The Lord in 1066 (the time of King Edward the Confessor) was Ravenschil .There is a suggestion[11] that Ravenschil might be a Danish name; certainly there are others in this area (e.g. Thorkil, Gamel, Arnketil, Stenulf). Ravenschil must have been quite wealthy/important in the time of King Edward as he is recorded in the Doomsday book as being the lord of 15 manors, of which Shipley was one. Although Ravenschil’s fortunes took a dip after 1066, for in 1086 he is the Lord of only 4 manors, he did better than many of the Saxon lords.

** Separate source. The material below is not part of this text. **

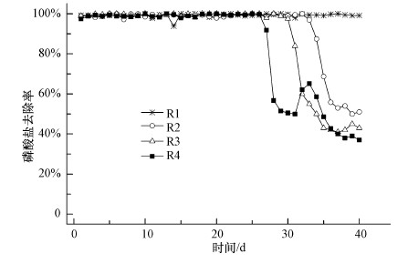 如圖 4所示,試驗前期磷酸鹽去除率穩(wěn)定保持在99%,隨著活性污泥中鉻漸漸地積累,R2、R3、R4系統(tǒng)在第34、31和27 d陸續(xù)出現(xiàn)了磷去除率下降現(xiàn)象,直至試驗結(jié)束,R2、R3和R4系統(tǒng)磷去除率分別下降至51%、43%和37%.活性污泥系統(tǒng)除磷過程主要依賴于聚磷菌的過量吸磷,研究發(fā)現(xiàn),當(dāng)EBPR系統(tǒng)中Cr(Ⅵ)高于0.3 mg·L-1時,其除磷性能逐漸喪失,聚磷菌占全菌的比例由84.26%下降至38.40%.本試驗中隨著鉻離子對SBR系統(tǒng)中活性污泥的不斷影響,系統(tǒng)內(nèi)鉻累積的量不斷增加,聚磷菌生長代謝過程受到了抑制,導(dǎo)致整個系統(tǒng)除磷效率降低.此外,比較R2和R3系統(tǒng),同樣可發(fā)現(xiàn)分段進(jìn)水工藝更早出現(xiàn)抑制現(xiàn)象,原因可能是分段進(jìn)水工藝(R3)相比傳統(tǒng)SBR工藝(R2)提供更多釋磷吸磷交替過程.比較R3和R4系統(tǒng),可見進(jìn)水鉻濃度越高,抑制現(xiàn)象越早出現(xiàn),即更易受到抑制影響.總之,在低濃度鉻條件下,SBR系統(tǒng)除磷過程受到了顯著的抑制影響.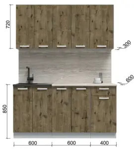 Длина по стенам: 3330 х 1500мм; нижний ряд (высота/глубина х ширина): 870/600 х 800 х 800 х 500(эл.плита) х 600 х 900 х 300(полка)мм; верх: 720/320 х 800 х 500(вытяжка) х 600 х 400(угловой) х 600 х 300(полка)мм.

In 1086, the Lord of the Manor is Ilbert (“Ilbert has it”). The taxable value is reckoned at 3 gelds though the land is described as “waste”.[12] Ilbert de Laci (from Lassy in Calvados) was a companion of William the Conqueror. There is evidence that Ilbert fought at William’s side at Hastings[13]. After the Conquest he became tenant-in-chief of a fief based on Pontefract, with lands also in Lincolnshire and Nottinghamshire. Ilbert built the first castle at Pontefract. In the Doomsday Book in 1086 he is recorded as having 186 manors, spread over West and part of East Yorkshire. Of these 81 were held as Tenant-in-chief (held directly from the King) and 105 as Lord (or mense lord, held from another nobleman or senior member of the clergy). He died c. 1093/5 leaving a son, Robert, to inherit.

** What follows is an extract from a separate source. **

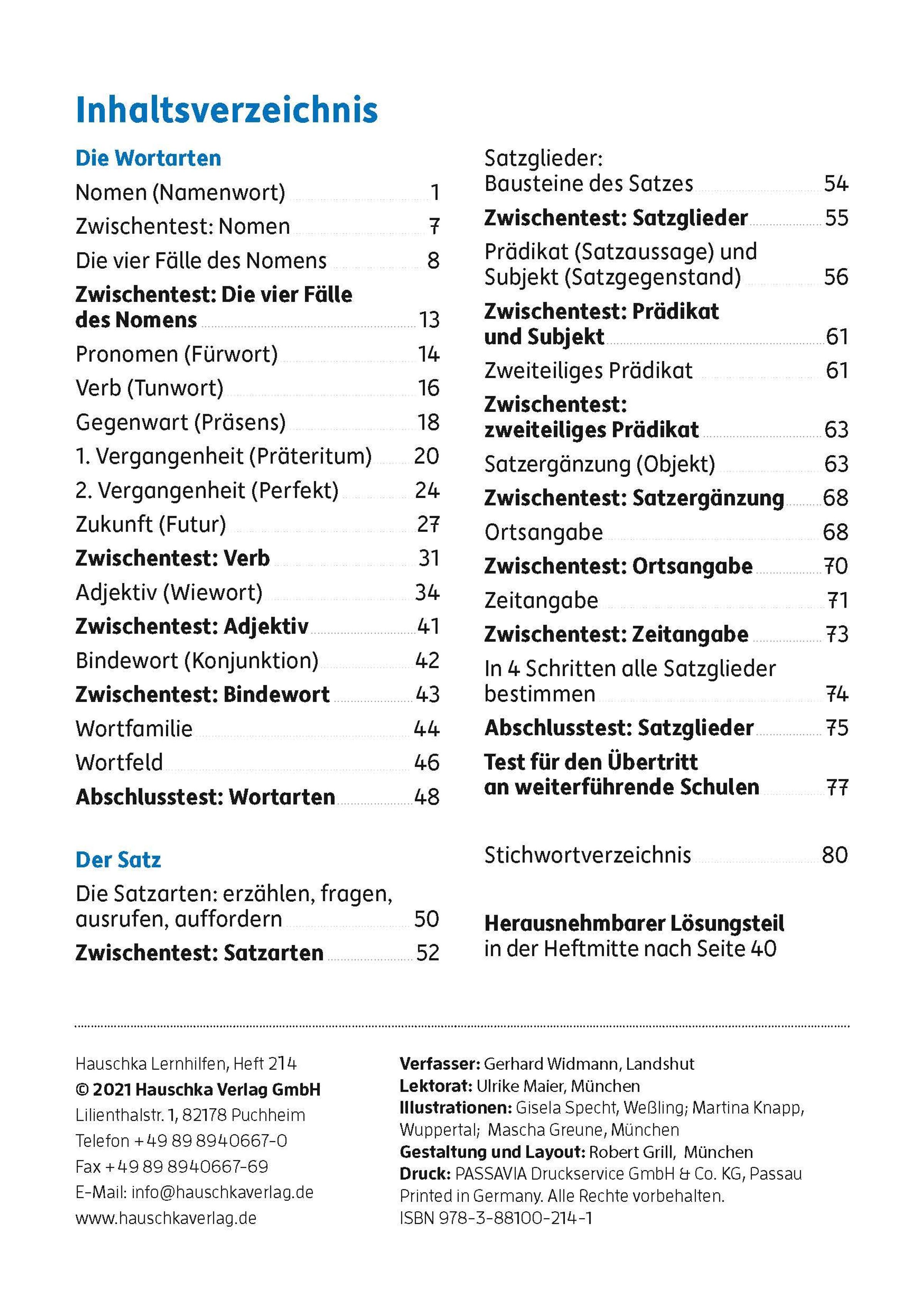 Diese Hauschka-Lernhilfe betrachtet die wichtigsten Wortarten und Satzglieder. Zu jedem Abschnitt gibt es zahlreiche Übungen, ausführliche Erklärungen sowie Merkkästen, die einen kurzen Überblick über die wichtigsten Regeln geben. Jeder Thematik folgt ein Zwischentest, bei dem das Gelernte noch einmal überprüft wird. Außerdem bietet das letzte Kapitel Aufgaben für den Übertritt an weiterführende Schulen. Die Grammatik in Stichwörtern ermöglicht einen kurzen, gezielten Überblick über die einzelnen Grammatikbereiche. Der Lösungsteil in der Mitte des Heftes ist herausnehmbar.

Although Shipley was a separate manor, it was within the Parish of Dewsbury which, according to Parsons was “one of the most extensive and important parishes in England comprising an area of four hundred miles and … extending in fact to the confines of Lancashire and the borders of the parish of Whalley.[14]” Dewsbury had been founded by the preaching of Paulinus.[15] Just when the parish of Bradford was formed from that of Dewsbury is not clear, but it was still part of Dewsbury at the time of the Doomsday book survey[16]. It is probable that a small chapel of ease or oratory was erected in the manor of Bradford and it is suggested that shortly after the Doomsday Survey had been completed (1086) Bradford became a separate parish, endowed by the de Lacy’s with 96 acres of land[17]. Judging by later records, Shipley at that time became a part of the parish of Bradford. By 1281 the Episcopal registers of York record the institution of a vicar of Bradford[18].

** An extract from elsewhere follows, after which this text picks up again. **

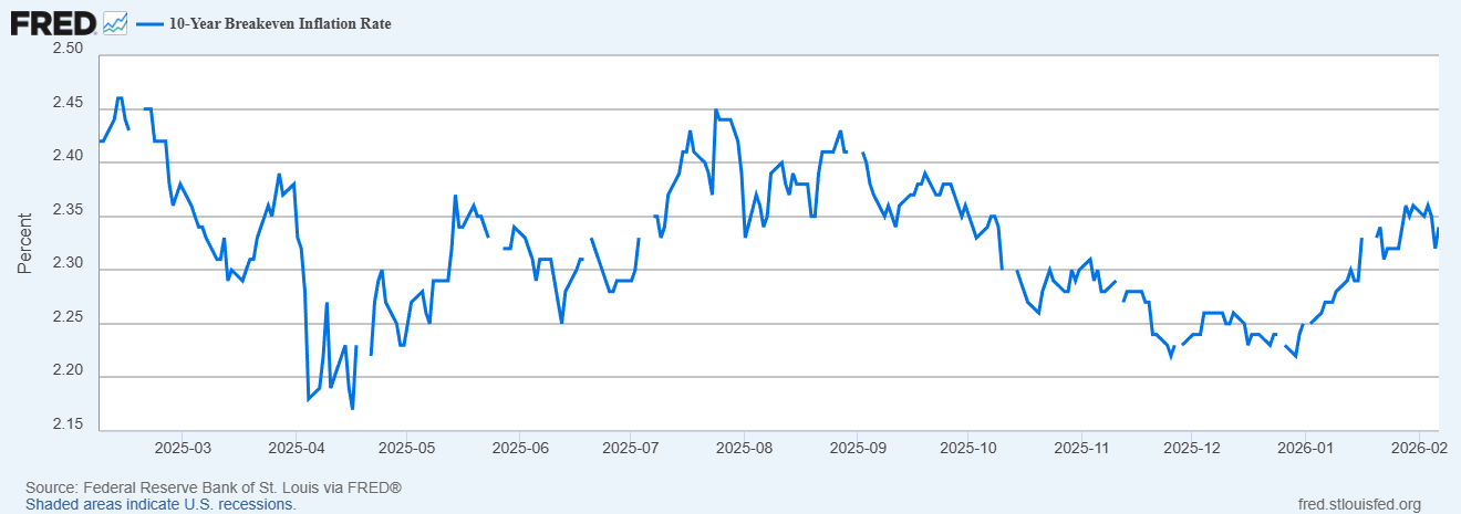 Le rendement des TIPS à 10 ans a baissé de 2 points de base au cours du dernier mois et est resté inchangé depuis août 2023.

Shipley is mentioned in a grant of rights to the monks of Rievaulx in the 1100s. The Birkin family were generous benefactors of the monasteries and were feudal tenants of the de Lacy family[19]. Peter de Birkin married Emma, daughter of John de Lascelles (a Norman). Peter died by 1143 and passed his lands to Adam who, in 1166, held one knight’s fee from Henry de Lacy (grandson of Ilbert)[20]. Adam, who made several grants to the monasteries, promised to Rievaulx “all the dead wood and the whole minerals rights in Halton and Shipley, and in Heaton and in Chellow, so that nobody in these above said places should build forges, except the said monks.[21]”
The specification of ‘forges’ suggests that iron smelting took place there, presumably using the dead wood or charcoal as fuel for wrought iron.
There is an apparent connection of Shipley with one of the ancient religious orders. The Order of the Knights of St. John of Jerusalem (the ‘Hospitallers’) was founded in 1119, in connection with the great crusades of the middle ages, which sought to wrest the Holy City from the Muslims. The Manor of Shipley belonged to this Order by 1316[22]. By an Inquisition in the time of Henry VI. 1422, at Pontefract, following the death of a William Gascoigne, it was declared that he had held the manor of Shipley of the prior and convent of the hospital of St John of Jerusalem in England[23]. It was said that at the top of the old house that used to be called Dixon’s Old Hall, which stood at the junction of Manor Lane with Kirkgate, were the stone lanterns which were symbolical of this Order[24].
The early 1300s were a trying time for the north of England. After the Scottish victory at the battle of Bannockburn (1314) there were raids by the Scots into northern England for several years. They sacked Ilkley in 1314 and a Scottish army spent the winter of 1318 in Otley. From there they could raid the local towns and villages of Wharfedale and Airedale. They raided Bradford and so damaged the parish church that it had to be rebuilt. The raids by the Scots got fewer after the 1320s. In the early 1300s, harvests in the Bradford area were poor, especially in 1316. Black Death ravaged England in 1349, 1362 and 1369, reducing the population.[25]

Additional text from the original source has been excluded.